One contributor to lower email results is the greater likelihood that emails are fraught with more undeliverable addresses than direct mail. This finding may reflect the ease of abandoning or changing an email address based on evolving preferences for internet service providers or email hosting services vs changing a mailing address, which typically necessitates a physical move. The findings from do-not-contact requests may be more a reflection of personal values and preferences than anything inherent in the outreach method, but we found that the rate of do-not-contact requests was similar for both direct mail and email.

As might be expected, health plan members who registered appeared to have more comorbidities based on DCCI scores in addition to the main targeted diseases of interest and greater use of medical services, especially ED visits. Also not unexpectedly, women were represented in larger proportions across the PPRNs and, likely, in the registration rates. This finding could reflect the greater prevalence of women in certain disease types, including MS, breast cancer, and ovarian cancer.

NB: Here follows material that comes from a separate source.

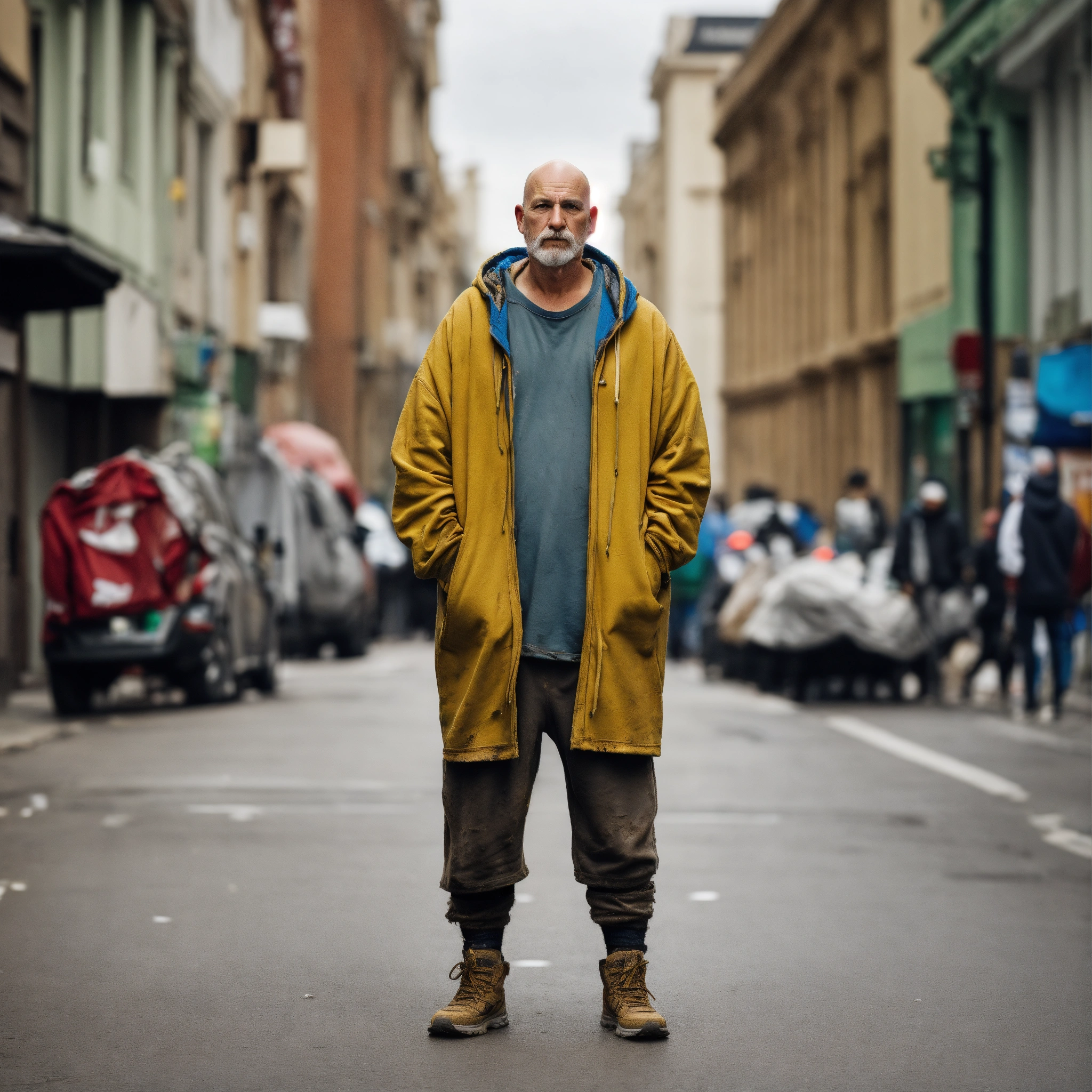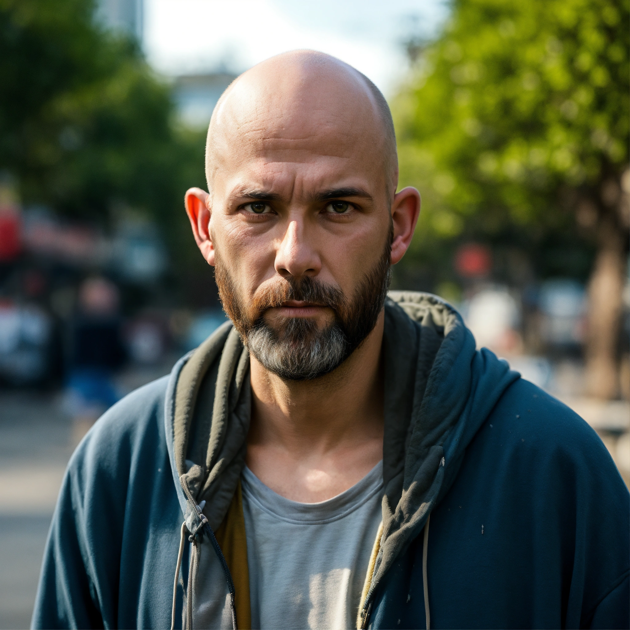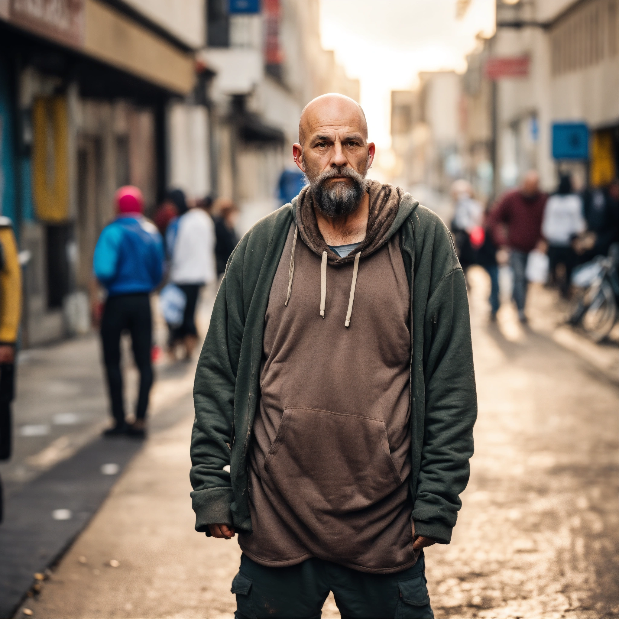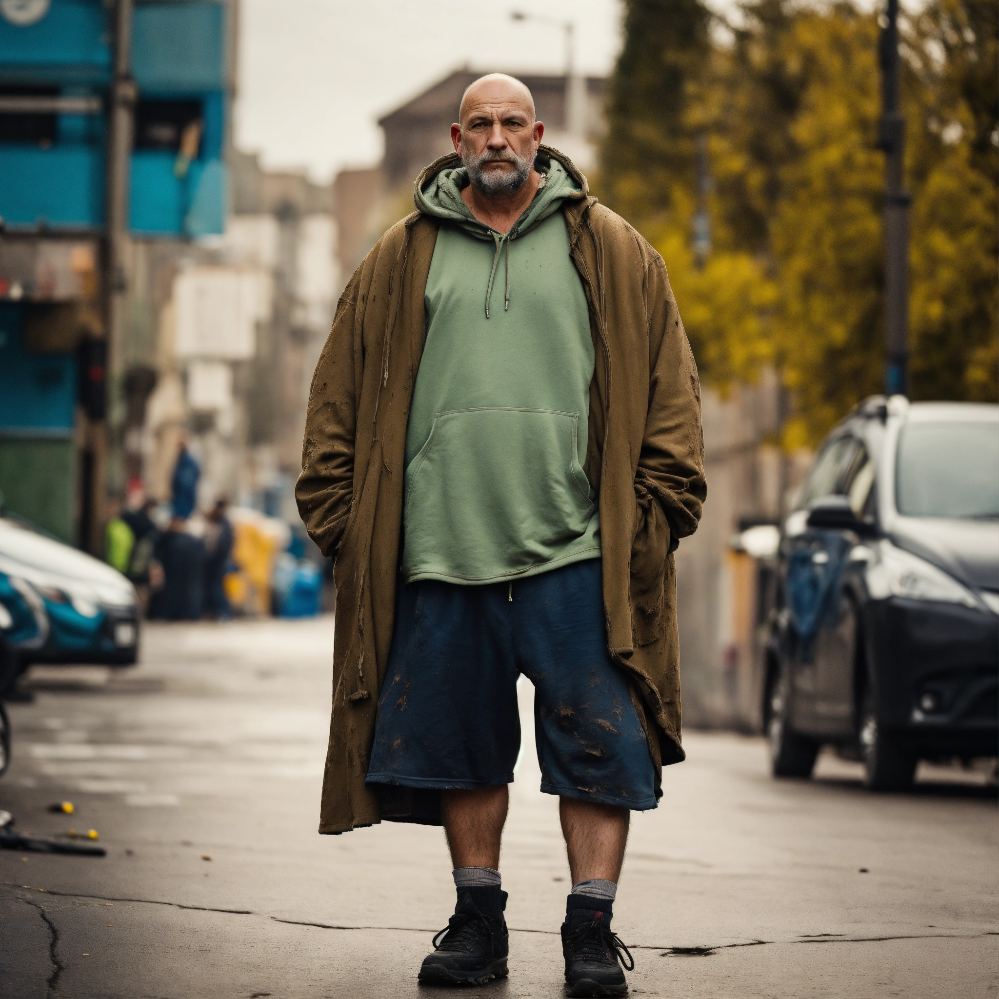 A huge bald homeless man, without beard, large ears, wearing dirty shorts and a hoodie, standing in the street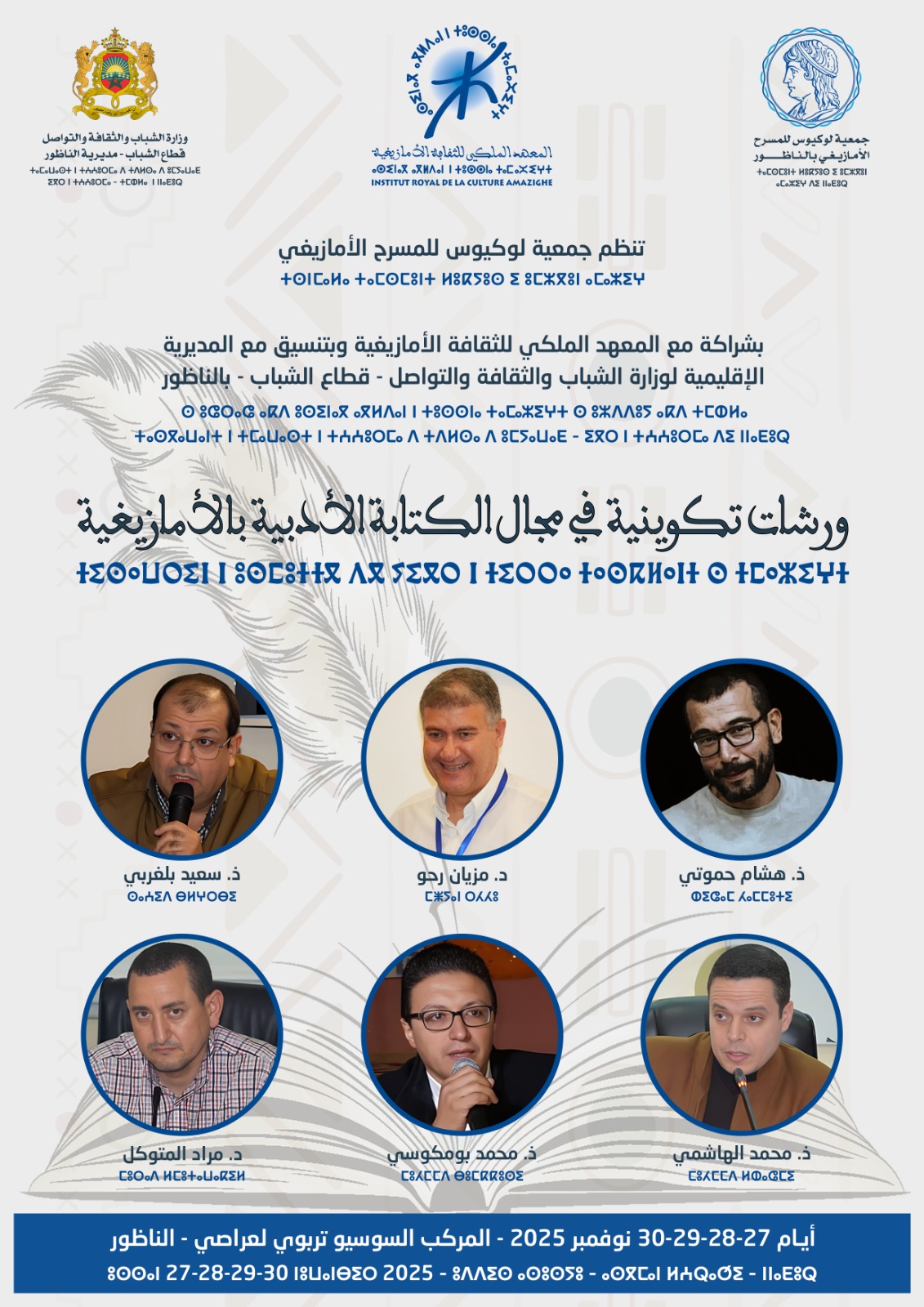 تنظم جمعية لوكيوس للمسرح الأمازيغي ورشات تكوينية في مجال الكتابة الأدبية بالأمازيغية وبحرفها تيفيناغ في إطار مشروع تعلم كتابة الرواية والقصة بالأمازيغية، مجال التعابير الأدبية والفنية بشراكة مع المعهد الملكي للثقافة الأمازيغية برسم سنة 2025، والخاص بالجمعيات الوطنية العاملة في مجال النهوض بالثقافة الأمازيغية، وبتنسيق مع المديرية الإقليمية لوزارة الشباب والثقافة والتواصل – قطاع الشباب بالناظور، وذلك أيام 27/28/29/30 نوفمبر 2025 بالمركب السوسيو تربوي لعراصي بالناظور.

As reflected by the relatively poor registration rates in this study and for outreach efforts in general, 1 urgent goal among health researchers is to find ways to improve registration rates. In fact, more important than unrewarded efforts and costs are the inaccuracies that may result from assessing unrepresentative samples based on high levels of nonparticipants, who are essential for a full and complete understanding of key research questions. Edwards et al in a Cochrane Database review reported on USPS and email outreach for 481 and 32 eligible studies, respectively, to explain response rates.32 Response odds at least doubled with the addition of monetary incentives, recorded delivery (registered mail), and teasers on the envelope suggesting a benefit upon opening, among other approaches. The authors noted that the odds of response also increased with nonmonetary incentives, heterogeneity, personalized letters, handwritten addresses, postal stamped (not machine franked) return envelopes, and assurance of confidentiality. They noted that questions of a sensitive nature reduced the odds of response. For the 27 studies assessing email outreach, response odds increased more than 50% based on nonmonetary incentives, heterogeneity, shorter communications document, and inclusion of a statement that others had responded, among others. Responses improved by a third with the use of a lottery and immediate notification of the results.32 Aim 2 and future patient engagement efforts could benefit from the aforementioned features (eg, incentives, personalized contents) and clinician involvement to improve the success rate of member outreach.

To be sure, our findings have implications for outreach efforts for both PPRNs and health plans. Effective engagement of members is both critical and challenging, even daunting. Determining the most effective methods for member engagement requires a solid understanding of risk factors that affect patients' health and the non–health care factors that affect how they seek care and respond to health plans and providers. Active health plan members who are still in the workforce, as in this study, may be hardest to engage because they often perceive themselves at lower risk for a medical event, expect clear explanations of expected outcomes, understand how success is defined, and likely have the key impediment: They lack the time to respond to outreach letters and emails.36

Limitations

The results of aim 2 of this study might have been limited by incomplete outreach efforts, as outlined by Edwards et al,32 which could have resulted in efforts to engage members who were predisposed to decline invitations to participate. Part of the reason is that although members in the HIRE repository and across the PPRNs were identified through diagnosis and procedure codes, they are likely still in the workforce and have only limited time to complete outreach letters, let alone participate in PPRN-type activities. Dillman et al discuss additional methodological implications for internet, phone, and mail outreach in mixed-mode surveys.37 Development of these methodologies was beyond the scope of our methods project given our focus on the development of linkage methods. Inherent features of secondary data—administrative claims in this study—can be affected by coding inaccuracies, resulting in outcome misclassifications and inaccurate estimation of potential participation populations. Claims primarily facilitate billing and other financial transactions; when repurposed for research, they may have only incomplete data sets. This study employed deterministic matching, linkage methodologies, and hashing to identify overlapping members in PPRNs and health plans. Although highly effective, this approach has notable limitations that this team of authors discussed in a companion publication.27 In addition, the PPRNs might have been concurrently engaging in their own recruitment efforts, which could have affected the study results. Furthermore, the population in this study was commercially insured, precluding ready generalizability of these results to different member populations, such as those insured through Medicare and Medicaid.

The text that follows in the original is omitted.